**Description of the task:** Once the pictures are removed, reproduce what is left of the data below exactly.

(Stored items)
——

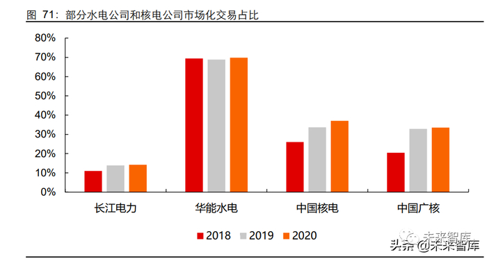 随着电力市场化的推进,水电核电也有部分电能参与到市场交易中,以主要水电与核电 公司的市场化比例来看,除了华能水电地处高度市场化的云南省、交易比例大致保持稳定以外,长江电力、中国核电和中国广核市场交易比例均有持续提升,到 2020 年已经 分别提升到了 14.21%、37.06%和 33.52%。
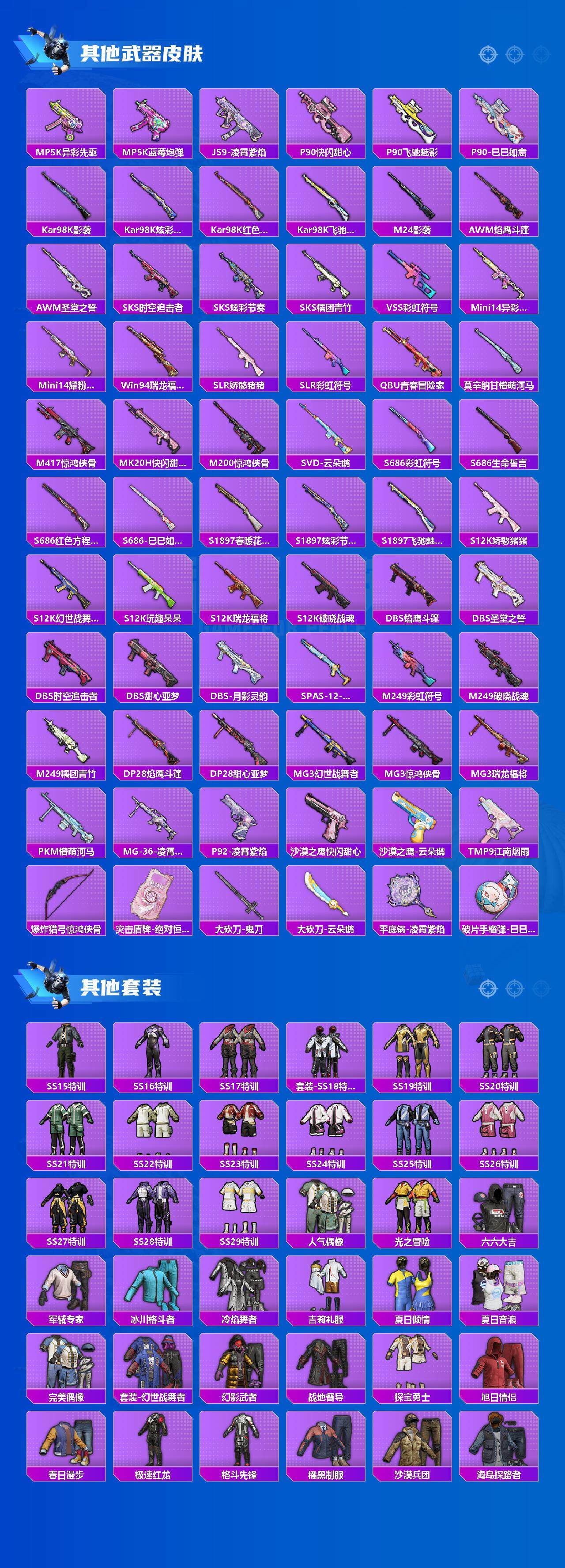 6052-2粉装-4特效呛-0载具-2粉色飞行器-57879热力值-16王牌印记-168套装-203呛皮 【热门品类】:套装-深海小丑鱼,套装-小丑鱼,套装-金羽特工,套装-忍者信条 【粉色套装】:粉装-未来歌姬,角色-月影灵韵 【粉色呛皮等级】:kar98k-巳巳如意五级,12-雪月幻
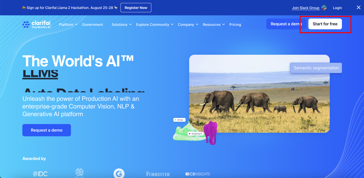 Go to Clarifai and create an account or login if you already have one.
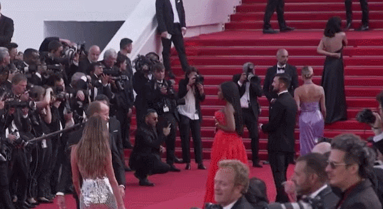 一旁原本在红毯上搔首弄姿的女星,被这么猝不及防的场面吓成了表情包,众人也是连连后退。
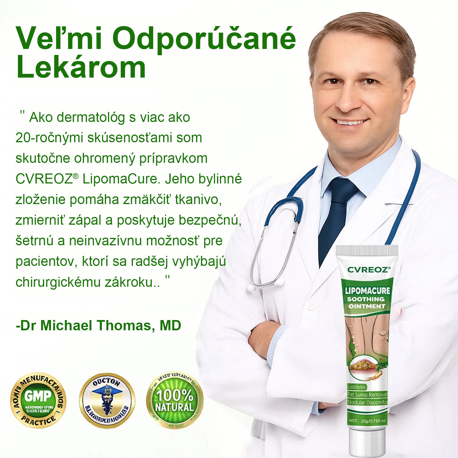 „Ako praktizujúci dermatológ s viac ako 20-ročnými skúsenosťami v liečbení benigných kožných útvarmov som bol ohromený klinickými výsledkami masti Cvreoz® LipomaCure Soothing Ointment. Jeho bylinná formula nielenže prispieva k zmäkčovaniu tkaniva a znižovaniu zápalu, ale ponúka aj neinvazívnu alternatívu pre pacientov, ktorí sa chcú vyhnúť chirurgickým zákrokom. Je nežný, bezpečný a vykazuje skutočný potenciál pre domáce použitie.“

——

**Exercise response:**
 随着电力市场化的推进,水电核电也有部分电能参与到市场交易中,以主要水电与核电 公司的市场化比例来看,除了华能水电地处高度市场化的云南省、交易比例大致保持稳定以外,长江电力、中国核电和中国广核市场交易比例均有持续提升,到 2020 年已经 分别提升到了 14.21%、37.06%和 33.52%。
 6052-2粉装-4特效呛-0载具-2粉色飞行器-57879热力值-16王牌印记-168套装-203呛皮 【热门品类】:套装-深海小丑鱼,套装-小丑鱼,套装-金羽特工,套装-忍者信条 【粉色套装】:粉装-未来歌姬,角色-月影灵韵 【粉色呛皮等级】:kar98k-巳巳如意五级,12-雪月幻
 Go to Clarifai and create an account or login if you already have one.
 一旁原本在红毯上搔首弄姿的女星,被这么猝不及防的场面吓成了表情包,众人也是连连后退。
 „Ako praktizujúci dermatológ s viac ako 20-ročnými skúsenosťami v liečbení benigných kožných útvarmov som bol ohromený klinickými výsledkami masti Cvreoz® LipomaCure Soothing Ointment. Jeho bylinná formula nielenže prispieva k zmäkčovaniu tkaniva a znižovaniu zápalu, ale ponúka aj neinvazívnu alternatívu pre pacientov, ktorí sa chcú vyhnúť chirurgickým zákrokom. Je nežný, bezpečný a vykazuje skutočný potenciál pre domáce použitie.“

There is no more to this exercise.